A couple of things - 

For those who don't know, Dave Redmon will take over as the new INSCOM CSM in November. I'm helping the G3 SGM with the planning and OPORD. It will take place during the INSCOM Senior Enlisted Conference the week of Veteran's Day. We're also doing an NCO Staff ride to Manassass that week - kind of fitting since CSM Joe Paul (current INSCOM CSM) is almost as much of a military history whore as I am 

Also - I'm retiring (got my orders last week) 28 Feb 10. That's why I sudden'y have time to help a G3 SGM plan a conference and retirement....;)

I've served with some of you. It's been my priviledge. Thanks for what you've done, and will continue to do for our Army and the MI Corps.
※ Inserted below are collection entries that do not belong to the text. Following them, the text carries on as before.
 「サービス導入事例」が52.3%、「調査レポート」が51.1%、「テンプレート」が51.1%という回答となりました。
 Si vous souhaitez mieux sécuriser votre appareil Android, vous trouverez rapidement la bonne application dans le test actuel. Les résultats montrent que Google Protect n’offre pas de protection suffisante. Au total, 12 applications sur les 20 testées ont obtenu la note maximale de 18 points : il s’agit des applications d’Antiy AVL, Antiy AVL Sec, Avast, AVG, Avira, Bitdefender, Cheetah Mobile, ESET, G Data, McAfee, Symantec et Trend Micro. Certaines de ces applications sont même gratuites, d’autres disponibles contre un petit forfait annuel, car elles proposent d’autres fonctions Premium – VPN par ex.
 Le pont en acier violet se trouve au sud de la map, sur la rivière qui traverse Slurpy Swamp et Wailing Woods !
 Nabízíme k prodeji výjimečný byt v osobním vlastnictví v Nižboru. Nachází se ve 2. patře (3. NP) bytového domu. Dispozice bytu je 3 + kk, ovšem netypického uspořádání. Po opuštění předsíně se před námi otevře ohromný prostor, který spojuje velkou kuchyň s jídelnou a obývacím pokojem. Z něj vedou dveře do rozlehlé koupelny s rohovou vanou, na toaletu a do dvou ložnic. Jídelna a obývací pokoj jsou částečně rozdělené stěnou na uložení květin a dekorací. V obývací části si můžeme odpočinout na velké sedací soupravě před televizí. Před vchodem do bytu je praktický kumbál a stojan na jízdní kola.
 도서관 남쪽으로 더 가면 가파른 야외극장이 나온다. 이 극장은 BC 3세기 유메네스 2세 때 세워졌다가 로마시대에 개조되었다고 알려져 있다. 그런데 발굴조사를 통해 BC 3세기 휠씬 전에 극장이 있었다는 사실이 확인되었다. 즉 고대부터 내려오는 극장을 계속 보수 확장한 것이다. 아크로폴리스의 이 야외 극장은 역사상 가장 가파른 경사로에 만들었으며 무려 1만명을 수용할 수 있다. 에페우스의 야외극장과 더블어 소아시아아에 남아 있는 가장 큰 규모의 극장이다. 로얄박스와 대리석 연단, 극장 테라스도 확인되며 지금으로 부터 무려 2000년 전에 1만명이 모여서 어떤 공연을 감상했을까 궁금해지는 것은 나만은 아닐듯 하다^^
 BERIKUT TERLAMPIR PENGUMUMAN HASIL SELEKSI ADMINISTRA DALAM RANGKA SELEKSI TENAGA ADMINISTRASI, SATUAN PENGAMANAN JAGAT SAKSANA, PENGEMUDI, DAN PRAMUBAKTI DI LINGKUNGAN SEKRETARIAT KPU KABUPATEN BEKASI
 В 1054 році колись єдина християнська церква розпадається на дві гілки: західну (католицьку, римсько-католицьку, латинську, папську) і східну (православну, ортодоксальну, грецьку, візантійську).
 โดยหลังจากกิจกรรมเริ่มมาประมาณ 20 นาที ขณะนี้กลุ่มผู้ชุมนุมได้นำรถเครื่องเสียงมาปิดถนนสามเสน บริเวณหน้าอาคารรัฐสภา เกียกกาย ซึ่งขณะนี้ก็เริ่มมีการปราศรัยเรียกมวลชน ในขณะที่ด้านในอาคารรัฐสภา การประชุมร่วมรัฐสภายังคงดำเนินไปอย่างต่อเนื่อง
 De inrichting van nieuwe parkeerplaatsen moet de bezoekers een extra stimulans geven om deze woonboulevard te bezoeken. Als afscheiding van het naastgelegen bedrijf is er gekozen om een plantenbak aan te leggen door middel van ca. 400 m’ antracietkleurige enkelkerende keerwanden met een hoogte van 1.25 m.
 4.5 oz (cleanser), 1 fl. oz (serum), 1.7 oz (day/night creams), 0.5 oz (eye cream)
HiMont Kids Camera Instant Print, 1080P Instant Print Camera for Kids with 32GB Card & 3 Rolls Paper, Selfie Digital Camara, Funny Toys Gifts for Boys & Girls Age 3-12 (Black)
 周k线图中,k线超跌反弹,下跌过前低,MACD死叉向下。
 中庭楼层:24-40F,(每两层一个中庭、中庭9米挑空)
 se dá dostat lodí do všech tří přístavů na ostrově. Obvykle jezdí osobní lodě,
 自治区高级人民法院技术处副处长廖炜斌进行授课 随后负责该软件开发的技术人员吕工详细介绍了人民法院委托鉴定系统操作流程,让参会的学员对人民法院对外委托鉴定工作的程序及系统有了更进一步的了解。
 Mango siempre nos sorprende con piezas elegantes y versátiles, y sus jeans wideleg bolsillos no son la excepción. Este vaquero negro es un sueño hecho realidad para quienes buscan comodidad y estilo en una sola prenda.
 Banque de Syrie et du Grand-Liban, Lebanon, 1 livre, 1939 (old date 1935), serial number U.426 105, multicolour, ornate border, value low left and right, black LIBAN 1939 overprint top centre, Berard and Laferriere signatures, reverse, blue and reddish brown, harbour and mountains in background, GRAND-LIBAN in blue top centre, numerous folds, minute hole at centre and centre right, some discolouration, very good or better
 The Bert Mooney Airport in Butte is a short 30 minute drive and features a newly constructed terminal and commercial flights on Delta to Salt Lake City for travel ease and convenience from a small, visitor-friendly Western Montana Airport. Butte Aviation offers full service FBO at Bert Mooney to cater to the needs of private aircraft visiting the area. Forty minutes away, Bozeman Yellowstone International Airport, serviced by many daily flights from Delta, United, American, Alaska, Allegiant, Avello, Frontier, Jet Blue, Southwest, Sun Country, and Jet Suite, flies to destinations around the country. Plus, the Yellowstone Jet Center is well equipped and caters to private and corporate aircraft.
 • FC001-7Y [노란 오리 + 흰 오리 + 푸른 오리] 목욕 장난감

Intelligence drives operations!

Toujours en Avant!

Army Strong!

C


----------



## EverSoLost (Aug 30, 2009)

Congrats on the Retirement.  Thank you for your Service.  Thank you for your mentoring.

Sincerely,

ESL


----------



## crapgame (Aug 31, 2009)

Good for you and thank you, C, for your commitment and service.

btw, I have a question for you.
I hope you don't mind.
PM on the way for you.


----------



## Brando (Sep 4, 2009)

Excellent!

Congratz and thank you.


----------



## Swill (Sep 5, 2009)

I object. We need you in AD for at least, I dunno, 20 more years at least. Retirement: denied. Report to my 2 shop immediately for further opportunity.  

Congratulations, SGM. You've earned it.


----------



## moobob (Sep 14, 2009)

Congrats. Proud to have been one of your soldiers for a bit.


----------



## Marauder06 (Jan 30, 2010)

Well done Sergeant Major, enjoy a well-earned retirement.


----------